- Seattle, Washington United States

Information
- Type: Private
- Established: 1978
- Closed: 2022
- Locale: Urban
- Head of School: Andie Merlino
- Faculty: 32
- Grades: 9–12
- Enrollment: 66
- Colors: Blue, White
- Mascot: Lion
- Team name: Saints
- Website: www.seattlelutheran.org

= Seattle Lutheran High School =

Seattle Lutheran High School was a Lutheran high school located in the West Seattle neighborhood of Seattle, Washington. It was founded in 1978.

On April 22, 2022, it was announced that Seattle Lutheran would be shut down at the end of the 2021–2022 school year.

==Sports==
The school offered seasonal sports at the varsity, and when applicable, the junior varsity, and 'C-team' level. SLHS competed in the Seatac 1B League. Men's basketball filled the winter season, and spring sports included baseball, golf, and track and field. Cheerleading was offered during the fall and winter seasons.

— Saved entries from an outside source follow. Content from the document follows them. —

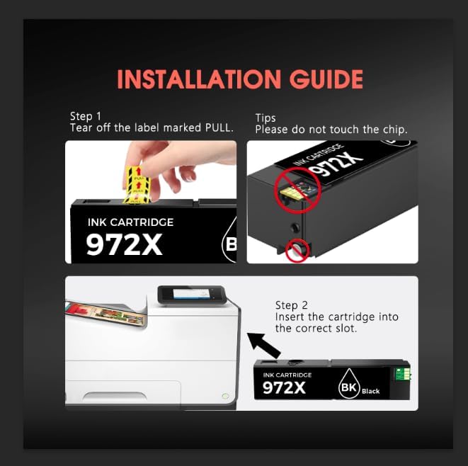 - J2INK for HP 972X Ink Cartridges Upgraded Smart Chips : 972x ink cartridge equipped with the latest smart chip to work for HP printers. No worry about the latest firmware.
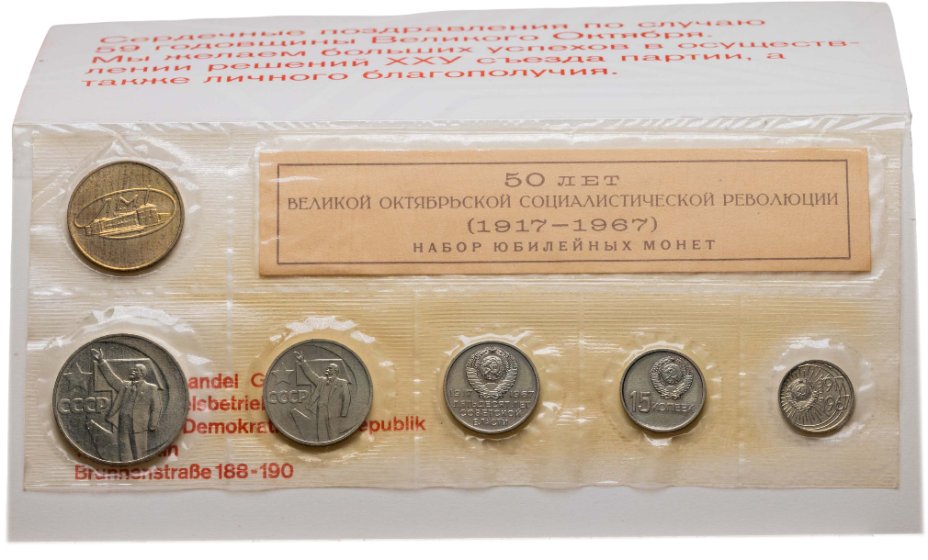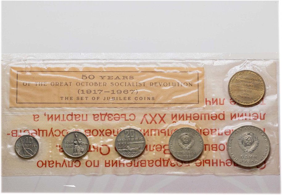Набор госбанка СССР 1967 "50 лет Октябрьской Революции" (5 монет с жетоном)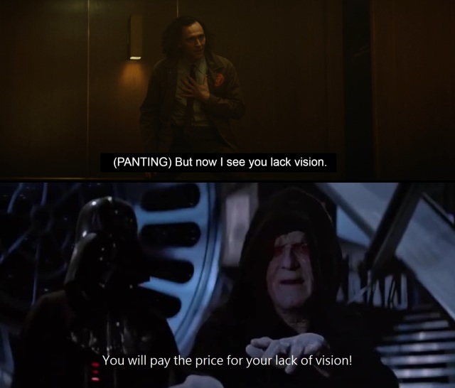 洛基在TVA與女洛基對峙,稱她「缺乏遠見」(lack of vision),這句話其實出自於《星際大戰:絕地大反攻》中白卜庭對路克天行者說的話。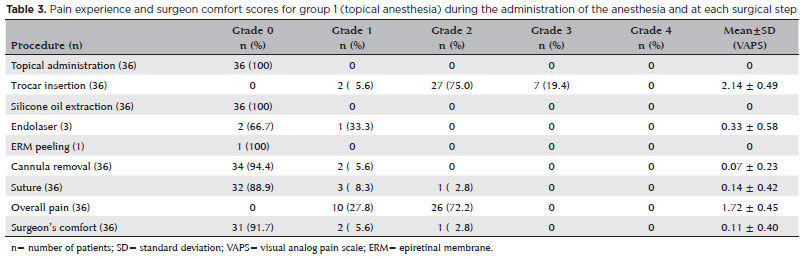 Methods: We selected patients according to their behavior during previous vitreoretinal surgery and ophthalmologic examinations and divided them into two anesthesia groups: topical (n=36) and retrobulbar (n=33). We used a mixed technique for the passive removal of silicone oil in both groups. During each step of the surgery, the patients' pain experience and the surgeon's comfort were scored according to a pain scale.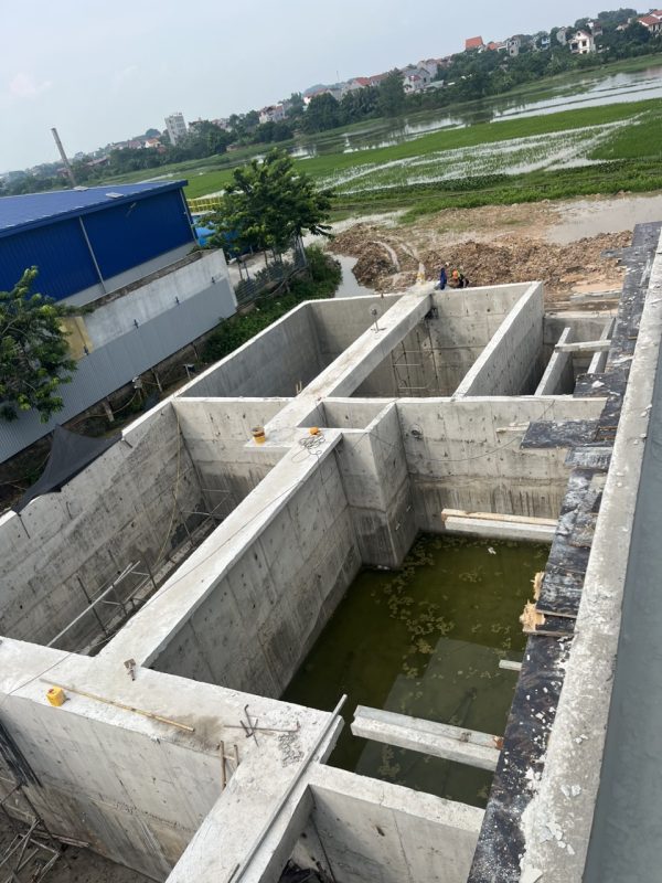 Trạm XLNT tập trung CCN Đoan Bái đến ngày 07/09/2023 đang trong công tác hoàn thiện bể; Đang tháo dỡ cốt pha và xây chát Nhà thiết bị.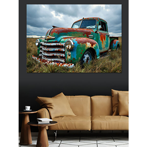 Tablomega Terkedilmiş Paslı Kamyonet Dekoratif Kanvas - Mdf Ahşap Tablo 100x140 cm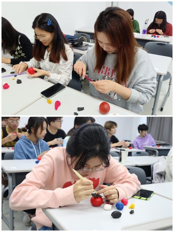 饱了眼福、耳福、口福之后,郑小红老师教同学们用米塑技艺做柿子,寓意“事事如意、心想事成”。郑小红老师耐心地讲解着米塑工艺制作柿子的流程和注意事项。揉、捏、掐、剪、刻、挑……同学们跟着老师的讲解,细致耐心地捏塑,一件完整的“柿子”作品终于制作成形。

The baseball team won the Washington State Championship in 2010 and 2011.

The Women's Soccer team won the State 2B title in 2010.

Seattle Lutheran participated in FIRST Robotics competitions since 2004 as Team 1258 "Seabot", making it one of the oldest FIRST teams in the region. In 2022 the Team 1258 was the victor of the PNW District Bonney Lake Event and the PNW District Auburn Event.